• **How to complete this task**:
Under this line are records; the part from the line containing "để phục vụ việc" through the line containing "Hello Sézane, I" should be repeated exactly. Please exclude pictures.
**** Input material ****
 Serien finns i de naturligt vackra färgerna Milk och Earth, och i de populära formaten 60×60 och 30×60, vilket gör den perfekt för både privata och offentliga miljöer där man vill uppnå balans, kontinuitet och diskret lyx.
****
**** Input material ****
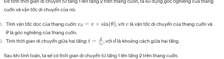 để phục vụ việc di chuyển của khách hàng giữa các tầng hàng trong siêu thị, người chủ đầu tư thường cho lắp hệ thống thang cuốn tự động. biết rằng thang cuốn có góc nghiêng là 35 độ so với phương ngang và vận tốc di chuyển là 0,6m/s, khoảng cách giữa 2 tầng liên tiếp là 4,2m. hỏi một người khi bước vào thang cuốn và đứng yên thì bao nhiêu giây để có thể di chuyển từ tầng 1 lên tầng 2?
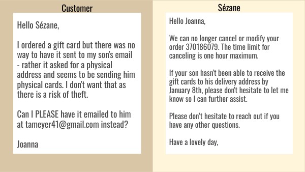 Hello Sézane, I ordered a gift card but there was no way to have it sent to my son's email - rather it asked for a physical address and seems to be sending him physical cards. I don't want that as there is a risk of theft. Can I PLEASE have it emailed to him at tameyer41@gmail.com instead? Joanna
****
• **Output of the task**:
 để phục vụ việc di chuyển của khách hàng giữa các tầng hàng trong siêu thị, người chủ đầu tư thường cho lắp hệ thống thang cuốn tự động. biết rằng thang cuốn có góc nghiêng là 35 độ so với phương ngang và vận tốc di chuyển là 0,6m/s, khoảng cách giữa 2 tầng liên tiếp là 4,2m. hỏi một người khi bước vào thang cuốn và đứng yên thì bao nhiêu giây để có thể di chuyển từ tầng 1 lên tầng 2?
 Hello Sézane, I ordered a gift card but there was no way to have it sent to my son's email - rather it asked for a physical address and seems to be sending him physical cards. I don't want that as there is a risk of theft. Can I PLEASE have it emailed to him at tameyer41@gmail.com instead? Joanna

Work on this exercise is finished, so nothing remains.